(DATA TO EXAMINE)

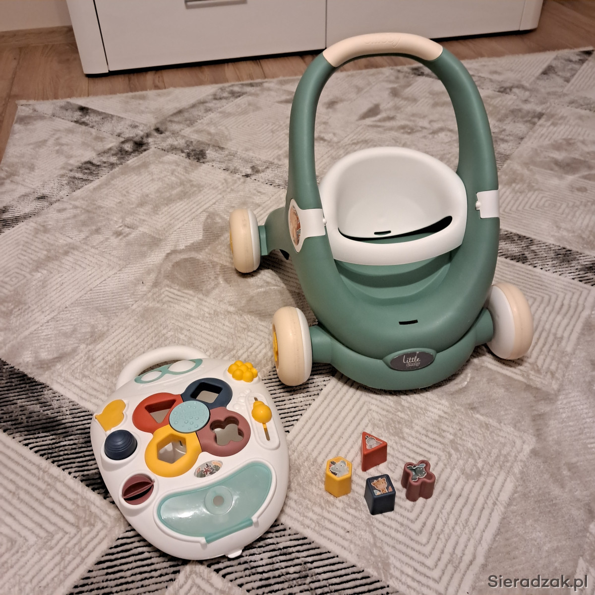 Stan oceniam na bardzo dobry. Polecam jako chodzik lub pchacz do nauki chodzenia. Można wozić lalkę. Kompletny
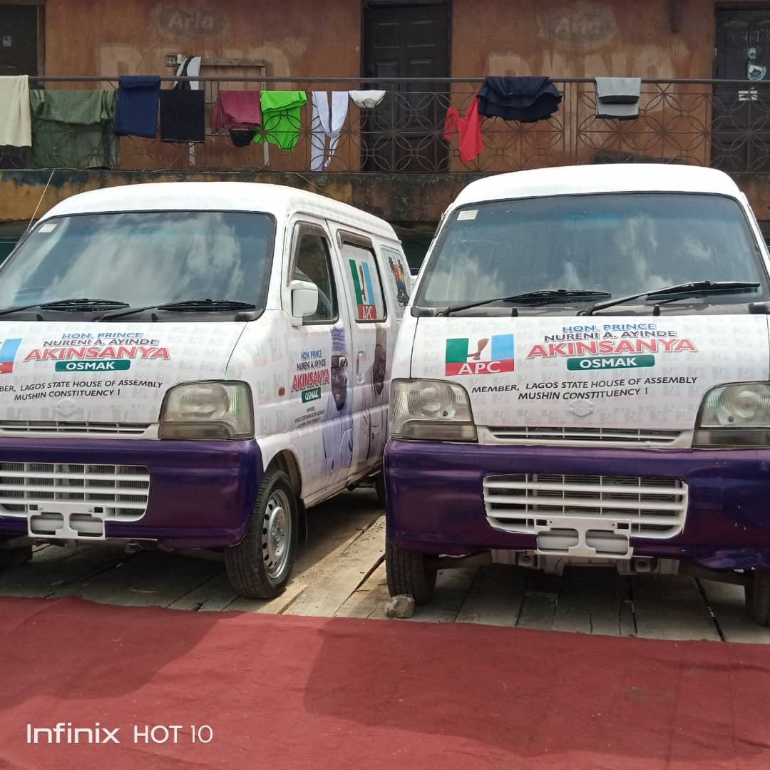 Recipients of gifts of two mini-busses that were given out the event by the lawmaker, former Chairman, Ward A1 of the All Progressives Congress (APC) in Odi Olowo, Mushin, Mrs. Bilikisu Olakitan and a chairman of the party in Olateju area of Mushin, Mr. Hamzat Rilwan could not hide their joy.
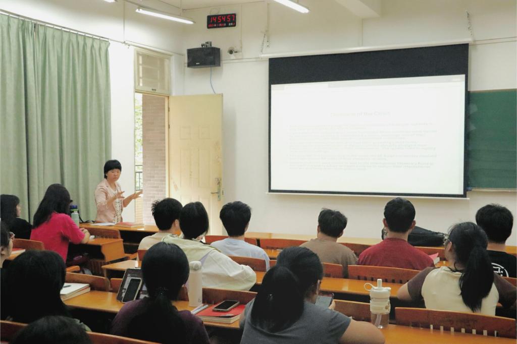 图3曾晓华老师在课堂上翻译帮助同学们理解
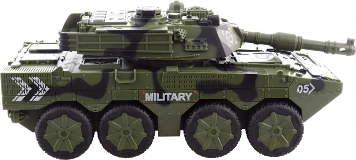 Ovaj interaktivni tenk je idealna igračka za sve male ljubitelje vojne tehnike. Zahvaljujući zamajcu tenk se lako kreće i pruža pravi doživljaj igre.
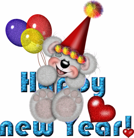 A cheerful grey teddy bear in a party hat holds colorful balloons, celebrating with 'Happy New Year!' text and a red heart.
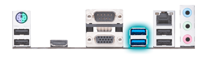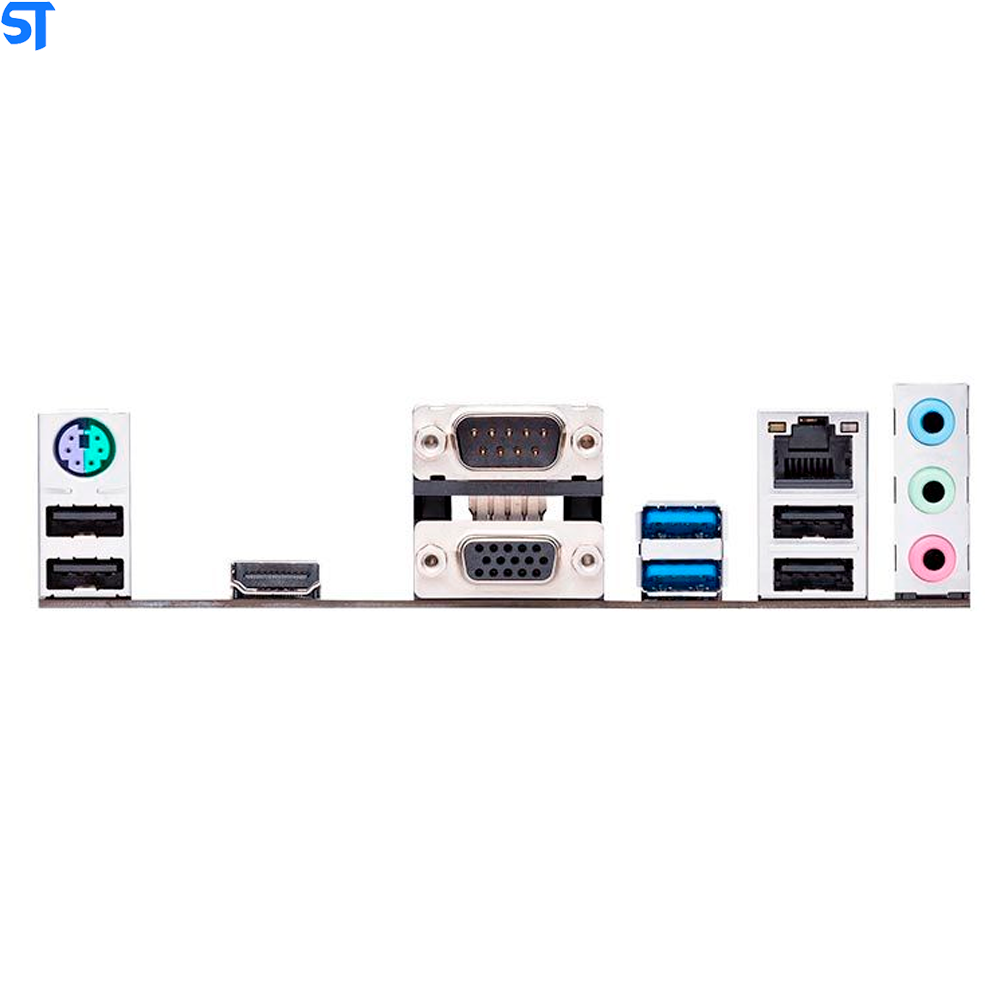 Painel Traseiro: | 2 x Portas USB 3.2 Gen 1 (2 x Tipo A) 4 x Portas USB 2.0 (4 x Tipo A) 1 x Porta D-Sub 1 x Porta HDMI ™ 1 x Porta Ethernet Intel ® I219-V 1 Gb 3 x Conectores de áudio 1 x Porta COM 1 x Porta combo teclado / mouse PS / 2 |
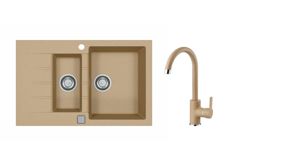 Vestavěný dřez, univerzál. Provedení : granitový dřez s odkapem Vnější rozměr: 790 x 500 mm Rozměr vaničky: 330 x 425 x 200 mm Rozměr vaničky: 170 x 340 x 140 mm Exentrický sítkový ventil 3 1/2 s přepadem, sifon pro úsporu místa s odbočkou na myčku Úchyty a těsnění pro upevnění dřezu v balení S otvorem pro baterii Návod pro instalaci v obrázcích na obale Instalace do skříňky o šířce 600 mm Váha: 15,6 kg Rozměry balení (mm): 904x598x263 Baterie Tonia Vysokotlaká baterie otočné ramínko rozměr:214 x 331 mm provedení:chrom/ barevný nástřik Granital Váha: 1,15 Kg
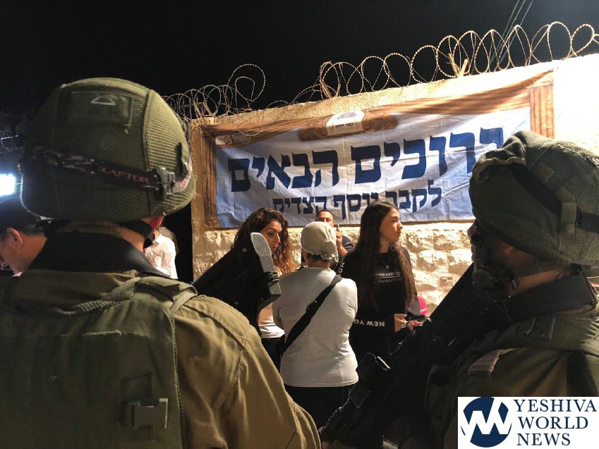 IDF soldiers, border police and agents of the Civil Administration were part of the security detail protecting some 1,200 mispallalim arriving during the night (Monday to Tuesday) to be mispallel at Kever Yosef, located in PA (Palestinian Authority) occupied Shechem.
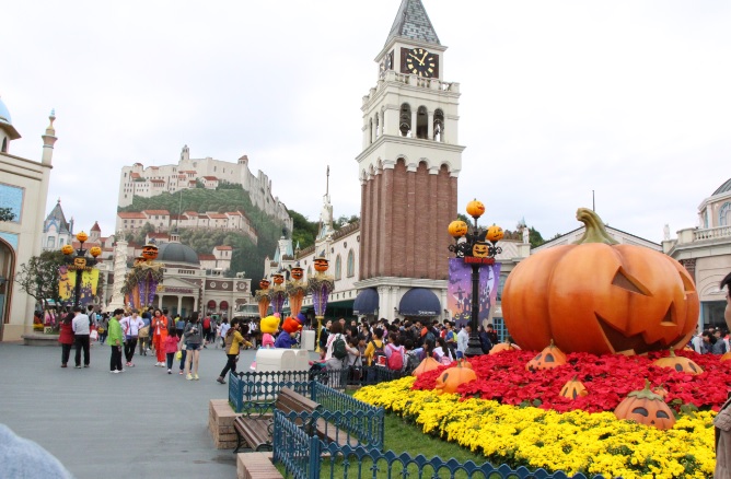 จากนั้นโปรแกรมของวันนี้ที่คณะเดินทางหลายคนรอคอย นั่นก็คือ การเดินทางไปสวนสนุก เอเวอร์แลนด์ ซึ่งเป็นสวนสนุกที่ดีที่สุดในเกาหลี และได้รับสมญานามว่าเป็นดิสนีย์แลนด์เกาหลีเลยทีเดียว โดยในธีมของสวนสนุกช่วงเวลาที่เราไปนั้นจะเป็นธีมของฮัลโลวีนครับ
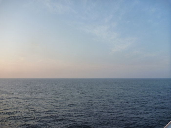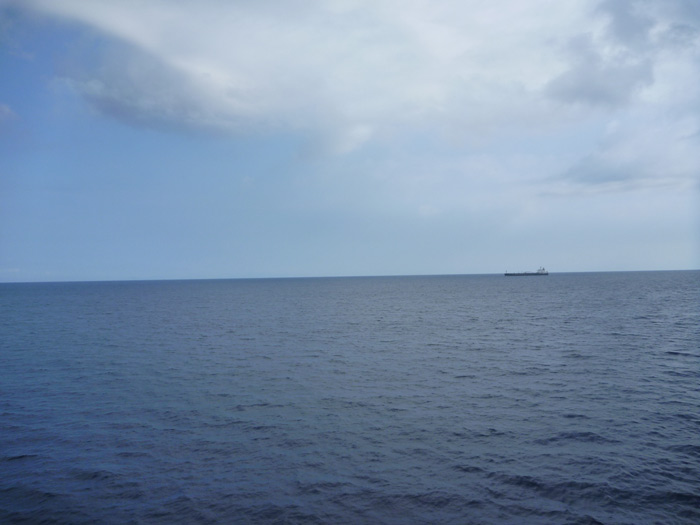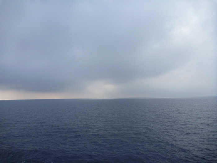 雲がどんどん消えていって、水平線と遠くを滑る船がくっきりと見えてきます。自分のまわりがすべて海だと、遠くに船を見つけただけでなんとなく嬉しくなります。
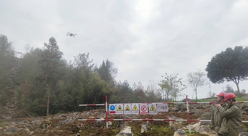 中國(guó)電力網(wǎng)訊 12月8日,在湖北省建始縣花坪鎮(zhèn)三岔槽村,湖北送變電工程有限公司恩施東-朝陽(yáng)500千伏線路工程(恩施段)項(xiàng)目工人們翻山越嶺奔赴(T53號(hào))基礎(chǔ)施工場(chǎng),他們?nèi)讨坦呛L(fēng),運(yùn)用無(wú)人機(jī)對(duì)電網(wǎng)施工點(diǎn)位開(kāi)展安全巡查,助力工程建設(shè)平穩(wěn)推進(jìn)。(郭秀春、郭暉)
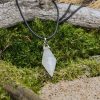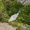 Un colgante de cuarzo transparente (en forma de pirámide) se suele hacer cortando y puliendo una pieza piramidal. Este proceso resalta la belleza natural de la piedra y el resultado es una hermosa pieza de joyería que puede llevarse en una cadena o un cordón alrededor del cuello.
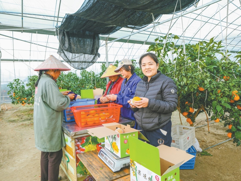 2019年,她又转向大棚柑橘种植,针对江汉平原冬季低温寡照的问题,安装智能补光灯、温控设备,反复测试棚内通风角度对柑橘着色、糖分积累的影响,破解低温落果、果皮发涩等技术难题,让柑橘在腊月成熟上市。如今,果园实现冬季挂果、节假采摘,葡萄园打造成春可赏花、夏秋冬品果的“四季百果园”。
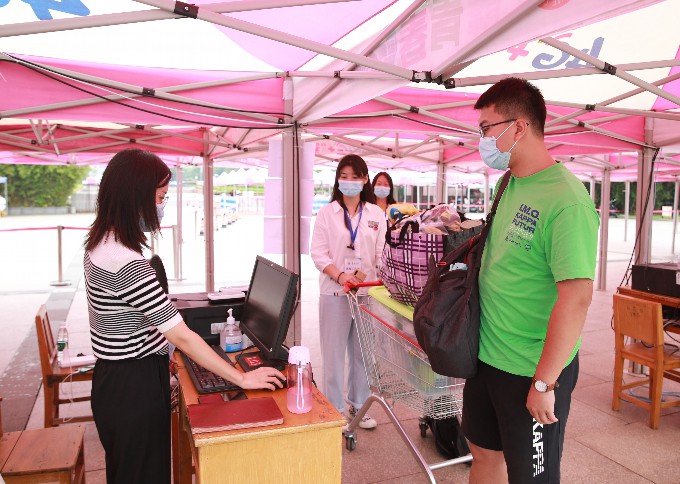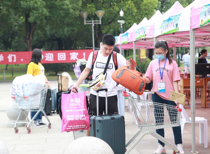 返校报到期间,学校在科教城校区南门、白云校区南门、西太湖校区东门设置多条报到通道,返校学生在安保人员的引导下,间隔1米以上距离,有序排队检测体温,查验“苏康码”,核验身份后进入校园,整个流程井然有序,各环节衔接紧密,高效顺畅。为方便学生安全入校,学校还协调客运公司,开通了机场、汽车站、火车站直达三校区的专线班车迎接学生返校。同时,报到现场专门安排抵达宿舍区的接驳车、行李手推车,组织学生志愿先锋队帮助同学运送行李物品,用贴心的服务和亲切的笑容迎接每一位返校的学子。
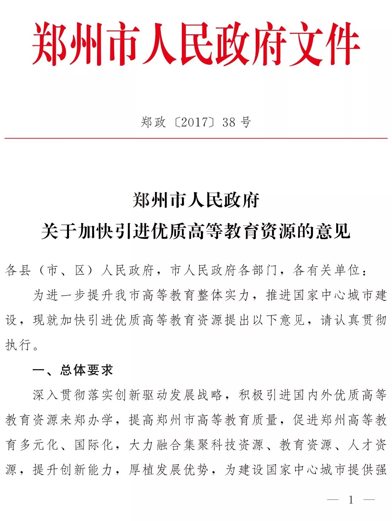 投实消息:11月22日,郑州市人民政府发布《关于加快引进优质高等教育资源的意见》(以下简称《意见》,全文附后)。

(End DATA TO EXAMINE)

* YOUR INSTRUCTIONS:
Write out, word for word, the lines from the first line of the entries through the one containing "Painel Traseiro: |", both included. Leave out the pictures.

* ANSWER BOX:
 Stan oceniam na bardzo dobry. Polecam jako chodzik lub pchacz do nauki chodzenia. Można wozić lalkę. Kompletny
 Recipients of gifts of two mini-busses that were given out the event by the lawmaker, former Chairman, Ward A1 of the All Progressives Congress (APC) in Odi Olowo, Mushin, Mrs. Bilikisu Olakitan and a chairman of the party in Olateju area of Mushin, Mr. Hamzat Rilwan could not hide their joy.
 图3曾晓华老师在课堂上翻译帮助同学们理解
 Ovaj interaktivni tenk je idealna igračka za sve male ljubitelje vojne tehnike. Zahvaljujući zamajcu tenk se lako kreće i pruža pravi doživljaj igre.
 A cheerful grey teddy bear in a party hat holds colorful balloons, celebrating with 'Happy New Year!' text and a red heart.
 Painel Traseiro: | 2 x Portas USB 3.2 Gen 1 (2 x Tipo A) 4 x Portas USB 2.0 (4 x Tipo A) 1 x Porta D-Sub 1 x Porta HDMI ™ 1 x Porta Ethernet Intel ® I219-V 1 Gb 3 x Conectores de áudio 1 x Porta COM 1 x Porta combo teclado / mouse PS / 2 |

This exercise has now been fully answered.